### [Exercise directions]
Would you return exactly the lines from the top of the data below through the one containing "На выборах мэра", leaving out the pictures?

★ ★ ★

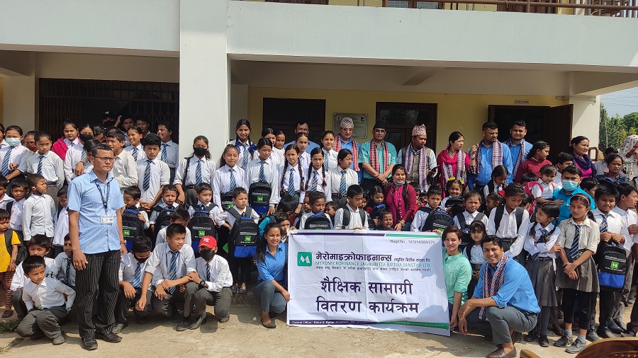 काठमाडौं – मेरो माइक्रोफाइनान्स लघुवित्त वित्तीय संस्था लिमिटेडले नुवाकोट र रसुवाका समुदायिक विद्यालयका विद्यार्थीलाई शैक्षित सामाग्री वितरण गरेको छ । बेलकोटगढि नगरपालिकाको कल्याणिदेबि माध्यामिक बिद्यालयका ६० जना, बागेश्वरी प्राथमिक बिद्यालयका ५० जना त्यस्तै बिदुर नगरपालिकाको आगापुटार स्थित शुलक्षणा माध्यमिक बिद्यालयका १०८ जना बिद्यार्थिहरु लाभान्वित भएका हुन् ।
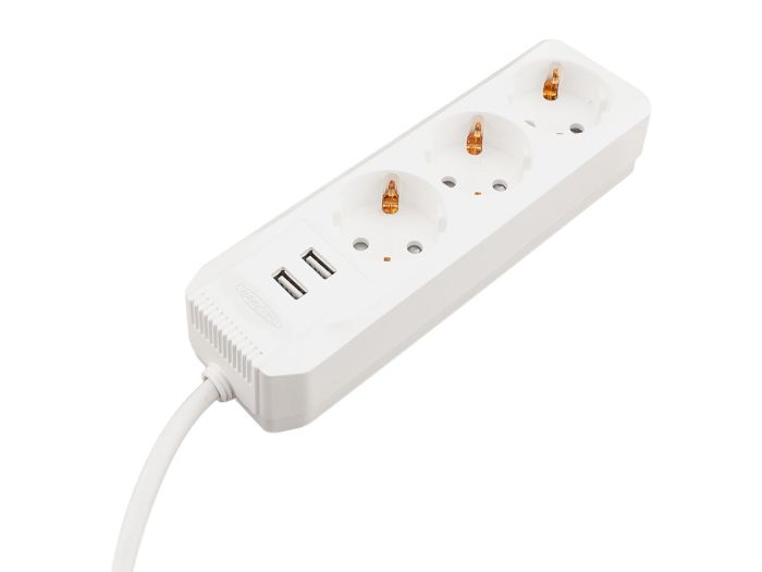 Die Caliber Powerstrip 3 USB Steckdose verfügt über drei Schuko-Steckdosen und zwei USB-Anschlüsse.
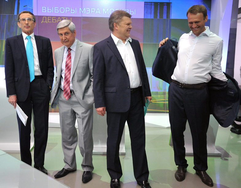 На выборах мэра Москвы Алексей Навальный (справа) назвал Сергея Митрохина из «Яблока» (второй справа) «кандидатом-спойлером», Москва, 16 августа 2013 года
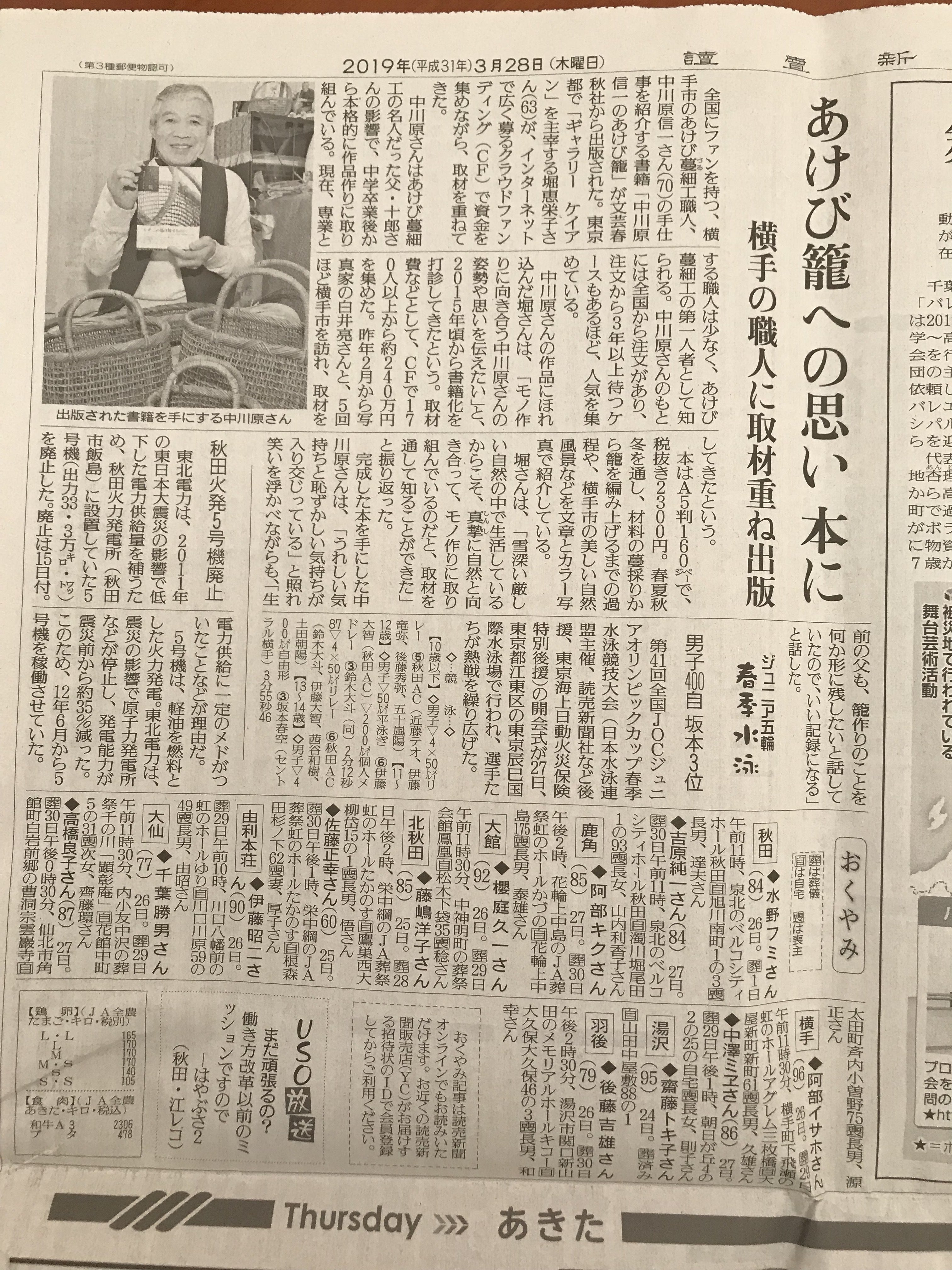 『中川原信一のあけび籠」出版記念、関連企画展のご案内民藝を育む四季『中川原信一のあけび籠』白井 亮写真展2019年5/21(火)−6/8(土) 12:00-19:00 日・月お休み於・Books and Modern (港区赤坂9ー5ー26 パレ乃木坂201) 地下鉄千代田線乃木坂駅2番出口徒歩1分、大江戸線六本木駅より徒歩5分 実はこの本が実現するきっかけを作ってくれたのが、このブックスアンドモダンオーナーの若井さん。小さいながら、いつも私が読みたいと思う本が必ず並んでいる書店であり、また内外の写真家の作品展を軸に、書籍との様々な関連イベントを開催されています。 昨年も「カンボジアの手仕事」をキーワードにご一緒させていただきました。 今回は、民藝という切り口で関連書籍、関連商品の紹介、販売もあります。6月1日(土)17:00からは白井 亮さんと私(堀)との対談も予定しております。参加費1500円(ドリンク付き)参加予約はhttps://shop.booksandmodern.co 3月の文春ギャラリーとはまた違った展示になると思いますので3月にいらした方も、また見損なった方もどうぞお誘い合わせの上ご来場くださいませ。*さらに以下の日程で関連の企画展を開催予定です。東京・銀座 森岡書店 2019年7/16−22
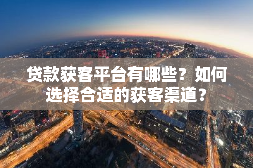 贷款获客平台有哪些?如何选择合适的获客渠道?

★ ★ ★

### [Output of the task]
 काठमाडौं – मेरो माइक्रोफाइनान्स लघुवित्त वित्तीय संस्था लिमिटेडले नुवाकोट र रसुवाका समुदायिक विद्यालयका विद्यार्थीलाई शैक्षित सामाग्री वितरण गरेको छ । बेलकोटगढि नगरपालिकाको कल्याणिदेबि माध्यामिक बिद्यालयका ६० जना, बागेश्वरी प्राथमिक बिद्यालयका ५० जना त्यस्तै बिदुर नगरपालिकाको आगापुटार स्थित शुलक्षणा माध्यमिक बिद्यालयका १०८ जना बिद्यार्थिहरु लाभान्वित भएका हुन् ।
 Die Caliber Powerstrip 3 USB Steckdose verfügt über drei Schuko-Steckdosen und zwei USB-Anschlüsse.
 На выборах мэра Москвы Алексей Навальный (справа) назвал Сергея Митрохина из «Яблока» (второй справа) «кандидатом-спойлером», Москва, 16 августа 2013 года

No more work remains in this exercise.